- What is required: The output is a word-for-word repeat of the listing below, free of images.

- Records to use:
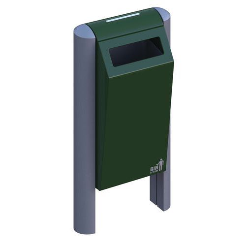 Pięknie zaprojektowany zewnętrzny kosz na śmieci wykonany z wysokiej jakości stali ocynkowanej malowanej proszkowo, z otworem wrzutowym po jednej stronie.
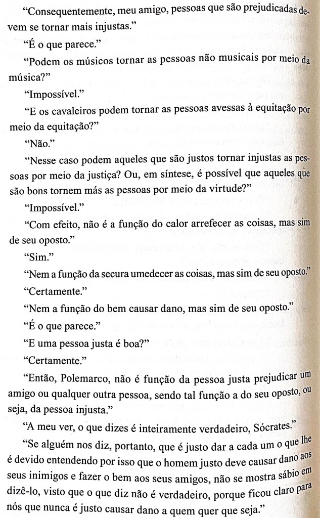 Trasímaco, o primeiro debatedor de Sócrates, proporá que a Justiça é a vantagem do mais forte, isto é, aquilo que é determinado pela vontade de quem detém o poder, a favor de seus interesses. Mas ele é forçado, pelo diálogo, a reconhecer que o objeto de qualquer arte, inclusive a de governar, está fora de si mesma, e se o objeto do governo das coisas públicas é o benefício dos governados, então a sua definição de Justiça está totalmente invertida: a Justiça é a vantagem do mais fraco. Novamente, aqui, ouvimos o eco do Evangelho: o maior será quem mais servir, e quem se humilhar será exaltado (Jesus).
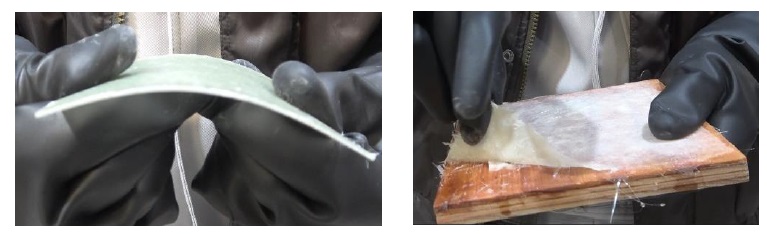 酸性水溶液、並びに塩基性水溶液を予めポリエステル製の不織布に含浸させたうえで、約100mm角に裁断したガラス繊維を1 Ply積層し、そこにマトリックス樹脂であるビニルエステルを含浸させることでFRPを硬化させた。比較のためにこれらの水溶液を含浸させずに、同様の手法でFRPの硬化を行った。その結果、酸性と塩基性、どちらかの水溶液に接触した状態のFRPのみ、硬化不良を起こすことが明らかとなった。正常に硬化したFRPは剛性を有する平板となった一方、硬化不良を起こしたFRPはタック性を有する柔軟なシート状態となった(下図参照)。この原因として、酸性、塩基性の指標となるpHの違いが、硬化現象であるラジカル反応における開始剤の分解反応を抑制した可能性がある。
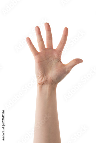 Young female hand counting five isolated on white
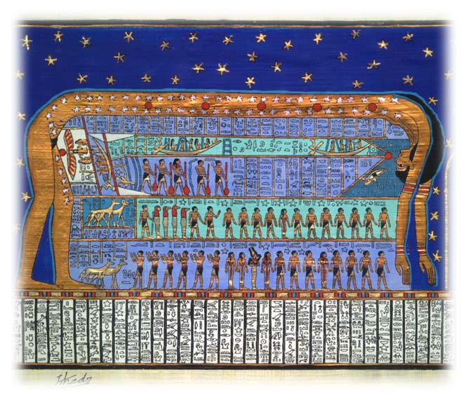 ([1]) La Reina Nut: Diosa del Antiguo Egipto, representaba el cielo. Suele aparecer como una mujer con el cuerpo arqueado y cubierto de estrellas. Engullía al sol cada tarde quien recorría su cuerpo y mostraba su forma renovada cada mañana. Hija de Shu (Dios del aire) y Tefnut (Diosa del agua), era esposa de Gueb (Dios que representa la tierra = Egipto), con el que tuvo cuatro hijos: Osiris (Rey de los Infiernos), Isis (Diosa de la fecundidad), Set(Dios del Desierto) y Neftis(Protectora de los sarcófagos y los Vasos Canopos que contenían las visceras del difunto). Para completar la fábula del “epagómenos”, necesitaba un quinto hijo: Horus el Jóven, (hijo a su vez de Osiris e Isis), ya que Osiris también era conocido como Horus el Viejo. Ra, junto a la Diosa del Cielo, Geb y sus cinco hijos formaban la Enéada de la Heliópolis.
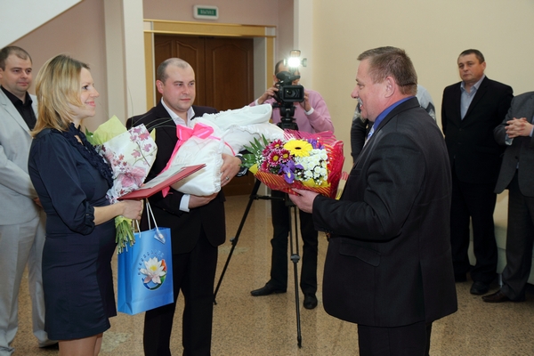 28 октября маленькая Ксения была официально зарегистрирована в отделе ЗАГС. Поздравить Марину и Виталия, вручить им свидетельство о рождении ребенка пришел председатель горисполкома Дмитрий Демидов. «Я убежден, что в жизни семьи нет важнее события, чем появление на свет ребенка, – отметил он. – В нашем городе делается все, чтобы рождалось как можно больше детей. Положительная динамика последних лет показывает, что мы двигаемся в правильном направлении. Желаю вам воспитать достойного человека, который станет гордостью своих родителей, будет настоящим патриотом нашей Родины – Республики Беларусь».
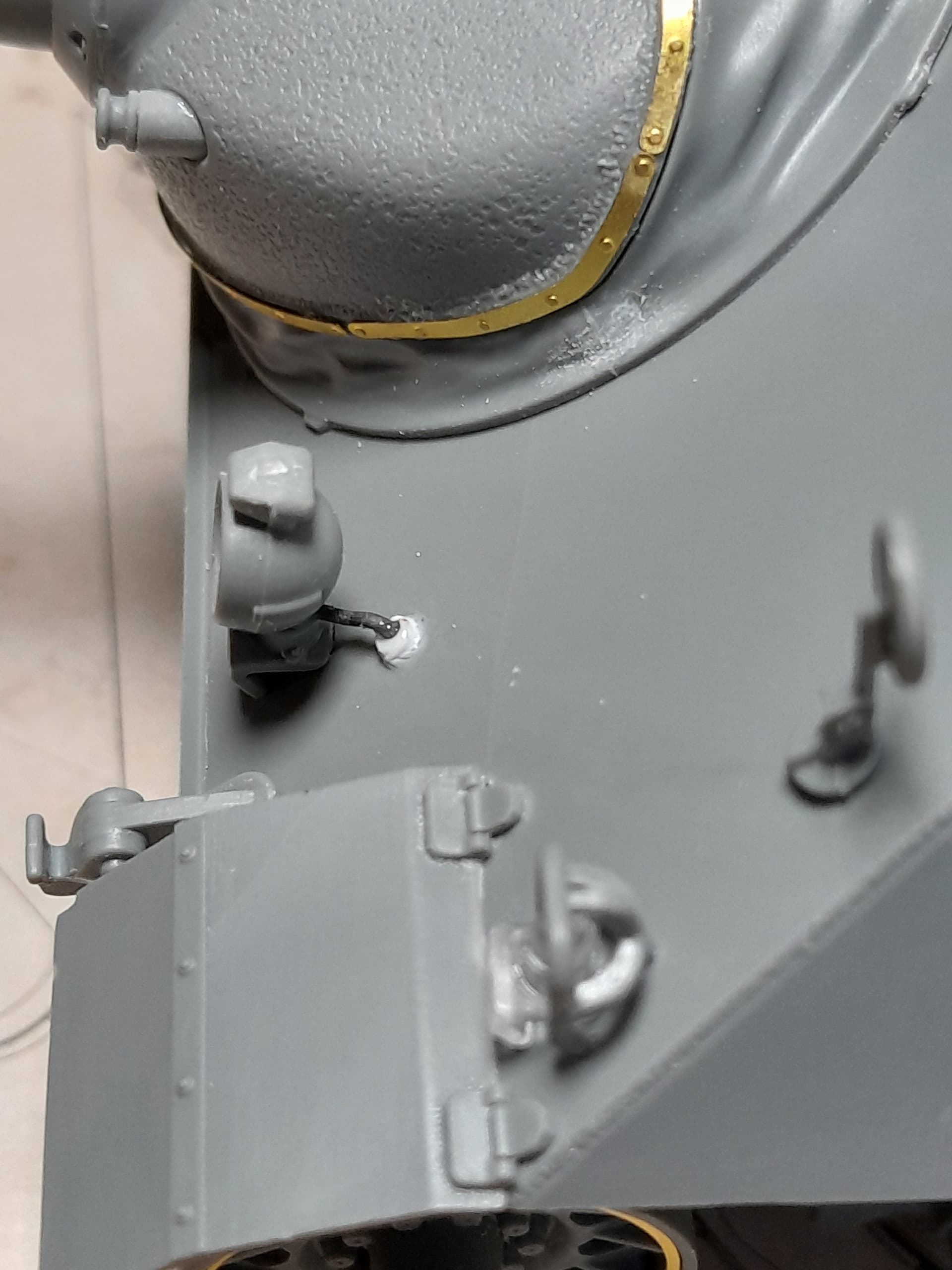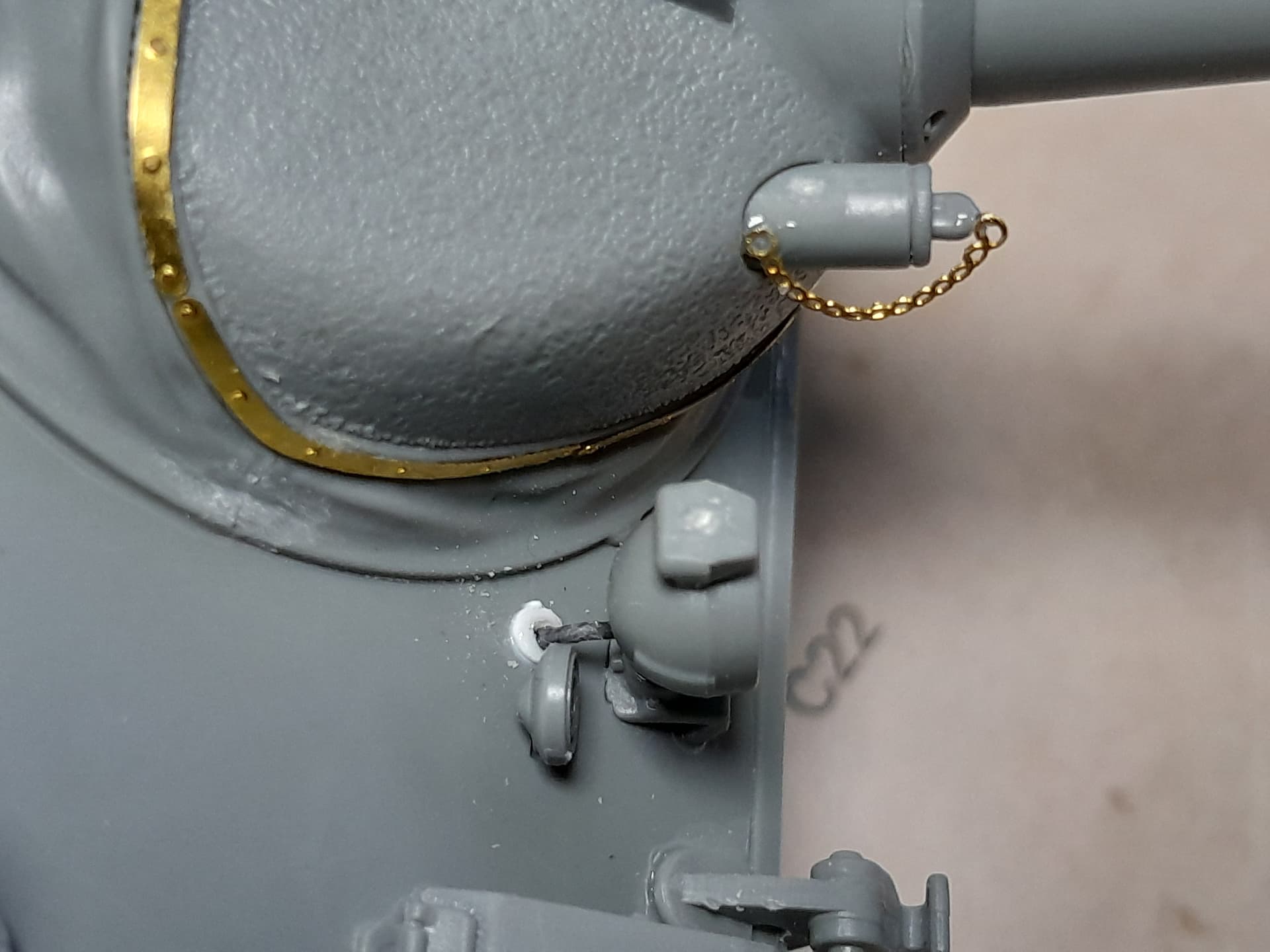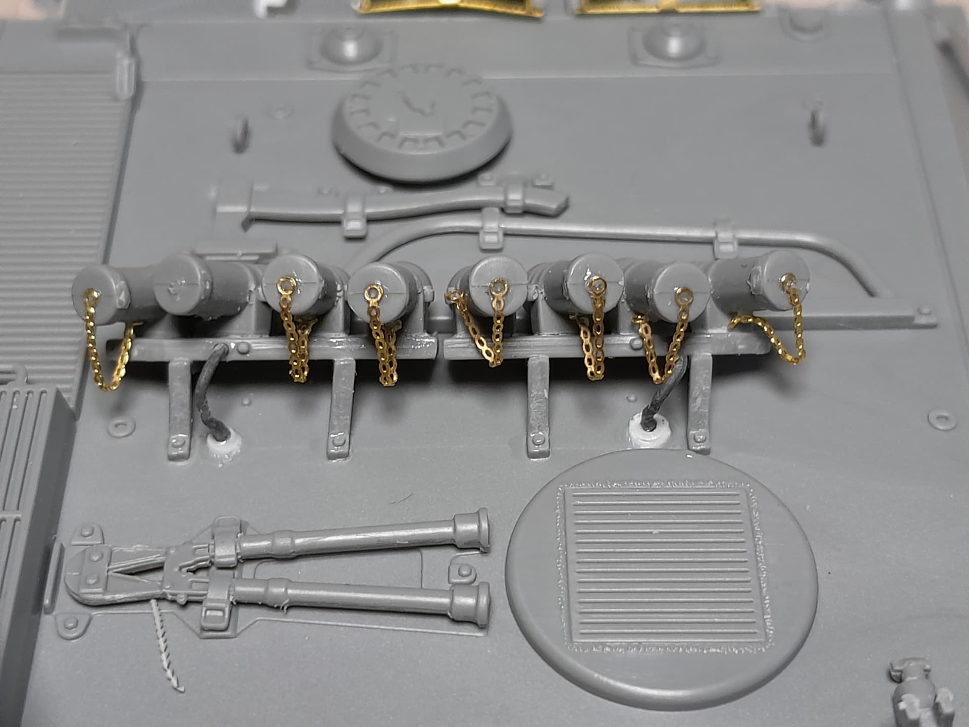 Today I made some small wiring attachment for the headlights and the rear smoke mortar racks. I also attached a small etched chain at the plug for the gun vision as I saw at the above mentioned walkaround video.
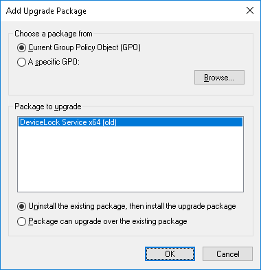 Note: Normally, when upgrading DeviceLock Service, the new MSI package detects the package to update in the GPO so the actions in Step 7 and Step 8 are performed automatically. |
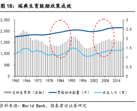 俄罗斯、瑞典等国在实施生育鼓励政策后的新生儿数量反弹都有育龄妇女规模的周期性扩张相配合。出生人数是生育率与育龄妇女数量的乘积,只有总和生育率上升配合育龄妇女数量增加,才能产生明显的出生人口数量反弹。两国的出生人数变动均符合25~30年生育周期。俄罗斯总和生育率达到低点时育龄妇女数量已经开始增加,随后两者共同推动出生人数增加。瑞典有两次总和生育率回升都稍早于育龄妇女规模扩张,所以在总和生育率回升的中后期才会看到出生人数显著上升。

- Written response:
 Pięknie zaprojektowany zewnętrzny kosz na śmieci wykonany z wysokiej jakości stali ocynkowanej malowanej proszkowo, z otworem wrzutowym po jednej stronie.
 Trasímaco, o primeiro debatedor de Sócrates, proporá que a Justiça é a vantagem do mais forte, isto é, aquilo que é determinado pela vontade de quem detém o poder, a favor de seus interesses. Mas ele é forçado, pelo diálogo, a reconhecer que o objeto de qualquer arte, inclusive a de governar, está fora de si mesma, e se o objeto do governo das coisas públicas é o benefício dos governados, então a sua definição de Justiça está totalmente invertida: a Justiça é a vantagem do mais fraco. Novamente, aqui, ouvimos o eco do Evangelho: o maior será quem mais servir, e quem se humilhar será exaltado (Jesus).
 酸性水溶液、並びに塩基性水溶液を予めポリエステル製の不織布に含浸させたうえで、約100mm角に裁断したガラス繊維を1 Ply積層し、そこにマトリックス樹脂であるビニルエステルを含浸させることでFRPを硬化させた。比較のためにこれらの水溶液を含浸させずに、同様の手法でFRPの硬化を行った。その結果、酸性と塩基性、どちらかの水溶液に接触した状態のFRPのみ、硬化不良を起こすことが明らかとなった。正常に硬化したFRPは剛性を有する平板となった一方、硬化不良を起こしたFRPはタック性を有する柔軟なシート状態となった(下図参照)。この原因として、酸性、塩基性の指標となるpHの違いが、硬化現象であるラジカル反応における開始剤の分解反応を抑制した可能性がある。
 Young female hand counting five isolated on white
 ([1]) La Reina Nut: Diosa del Antiguo Egipto, representaba el cielo. Suele aparecer como una mujer con el cuerpo arqueado y cubierto de estrellas. Engullía al sol cada tarde quien recorría su cuerpo y mostraba su forma renovada cada mañana. Hija de Shu (Dios del aire) y Tefnut (Diosa del agua), era esposa de Gueb (Dios que representa la tierra = Egipto), con el que tuvo cuatro hijos: Osiris (Rey de los Infiernos), Isis (Diosa de la fecundidad), Set(Dios del Desierto) y Neftis(Protectora de los sarcófagos y los Vasos Canopos que contenían las visceras del difunto). Para completar la fábula del “epagómenos”, necesitaba un quinto hijo: Horus el Jóven, (hijo a su vez de Osiris e Isis), ya que Osiris también era conocido como Horus el Viejo. Ra, junto a la Diosa del Cielo, Geb y sus cinco hijos formaban la Enéada de la Heliópolis.
 28 октября маленькая Ксения была официально зарегистрирована в отделе ЗАГС. Поздравить Марину и Виталия, вручить им свидетельство о рождении ребенка пришел председатель горисполкома Дмитрий Демидов. «Я убежден, что в жизни семьи нет важнее события, чем появление на свет ребенка, – отметил он. – В нашем городе делается все, чтобы рождалось как можно больше детей. Положительная динамика последних лет показывает, что мы двигаемся в правильном направлении. Желаю вам воспитать достойного человека, который станет гордостью своих родителей, будет настоящим патриотом нашей Родины – Республики Беларусь».
 Today I made some small wiring attachment for the headlights and the rear smoke mortar racks. I also attached a small etched chain at the plug for the gun vision as I saw at the above mentioned walkaround video.
 Note: Normally, when upgrading DeviceLock Service, the new MSI package detects the package to update in the GPO so the actions in Step 7 and Step 8 are performed automatically. |
 俄罗斯、瑞典等国在实施生育鼓励政策后的新生儿数量反弹都有育龄妇女规模的周期性扩张相配合。出生人数是生育率与育龄妇女数量的乘积,只有总和生育率上升配合育龄妇女数量增加,才能产生明显的出生人口数量反弹。两国的出生人数变动均符合25~30年生育周期。俄罗斯总和生育率达到低点时育龄妇女数量已经开始增加,随后两者共同推动出生人数增加。瑞典有两次总和生育率回升都稍早于育龄妇女规模扩张,所以在总和生育率回升的中后期才会看到出生人数显著上升。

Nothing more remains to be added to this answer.